* **TASK**: Output all of the records exactly as written.

═════ SUPPLIED MATERIAL

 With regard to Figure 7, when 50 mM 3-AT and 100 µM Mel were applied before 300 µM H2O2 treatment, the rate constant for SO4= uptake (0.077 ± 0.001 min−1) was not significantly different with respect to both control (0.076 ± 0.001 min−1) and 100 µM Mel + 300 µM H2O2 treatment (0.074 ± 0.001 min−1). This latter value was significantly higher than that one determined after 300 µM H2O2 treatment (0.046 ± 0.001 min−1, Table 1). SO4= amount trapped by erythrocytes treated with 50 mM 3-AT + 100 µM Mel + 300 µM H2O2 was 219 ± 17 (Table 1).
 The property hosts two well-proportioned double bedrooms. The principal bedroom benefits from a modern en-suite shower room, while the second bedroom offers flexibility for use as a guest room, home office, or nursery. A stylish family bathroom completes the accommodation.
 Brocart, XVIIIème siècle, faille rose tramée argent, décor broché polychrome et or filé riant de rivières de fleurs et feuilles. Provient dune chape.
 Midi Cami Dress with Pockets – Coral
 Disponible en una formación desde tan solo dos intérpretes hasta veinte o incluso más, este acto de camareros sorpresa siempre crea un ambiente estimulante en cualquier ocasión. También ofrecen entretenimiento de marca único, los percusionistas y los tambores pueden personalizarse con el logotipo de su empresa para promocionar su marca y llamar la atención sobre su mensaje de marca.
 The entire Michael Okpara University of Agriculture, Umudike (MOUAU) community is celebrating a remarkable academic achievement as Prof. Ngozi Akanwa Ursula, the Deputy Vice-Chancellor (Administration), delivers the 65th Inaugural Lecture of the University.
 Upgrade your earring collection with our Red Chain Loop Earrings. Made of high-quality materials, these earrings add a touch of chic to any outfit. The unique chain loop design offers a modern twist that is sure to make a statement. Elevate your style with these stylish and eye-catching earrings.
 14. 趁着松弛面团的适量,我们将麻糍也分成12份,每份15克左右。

══════════

* **WRITTEN ANSWER**:
 With regard to Figure 7, when 50 mM 3-AT and 100 µM Mel were applied before 300 µM H2O2 treatment, the rate constant for SO4= uptake (0.077 ± 0.001 min−1) was not significantly different with respect to both control (0.076 ± 0.001 min−1) and 100 µM Mel + 300 µM H2O2 treatment (0.074 ± 0.001 min−1). This latter value was significantly higher than that one determined after 300 µM H2O2 treatment (0.046 ± 0.001 min−1, Table 1). SO4= amount trapped by erythrocytes treated with 50 mM 3-AT + 100 µM Mel + 300 µM H2O2 was 219 ± 17 (Table 1).
 The property hosts two well-proportioned double bedrooms. The principal bedroom benefits from a modern en-suite shower room, while the second bedroom offers flexibility for use as a guest room, home office, or nursery. A stylish family bathroom completes the accommodation.
 Brocart, XVIIIème siècle, faille rose tramée argent, décor broché polychrome et or filé riant de rivières de fleurs et feuilles. Provient dune chape.
 Midi Cami Dress with Pockets – Coral
 Disponible en una formación desde tan solo dos intérpretes hasta veinte o incluso más, este acto de camareros sorpresa siempre crea un ambiente estimulante en cualquier ocasión. También ofrecen entretenimiento de marca único, los percusionistas y los tambores pueden personalizarse con el logotipo de su empresa para promocionar su marca y llamar la atención sobre su mensaje de marca.
 The entire Michael Okpara University of Agriculture, Umudike (MOUAU) community is celebrating a remarkable academic achievement as Prof. Ngozi Akanwa Ursula, the Deputy Vice-Chancellor (Administration), delivers the 65th Inaugural Lecture of the University.
 Upgrade your earring collection with our Red Chain Loop Earrings. Made of high-quality materials, these earrings add a touch of chic to any outfit. The unique chain loop design offers a modern twist that is sure to make a statement. Elevate your style with these stylish and eye-catching earrings.
 14. 趁着松弛面团的适量,我们将麻糍也分成12份,每份15克左右。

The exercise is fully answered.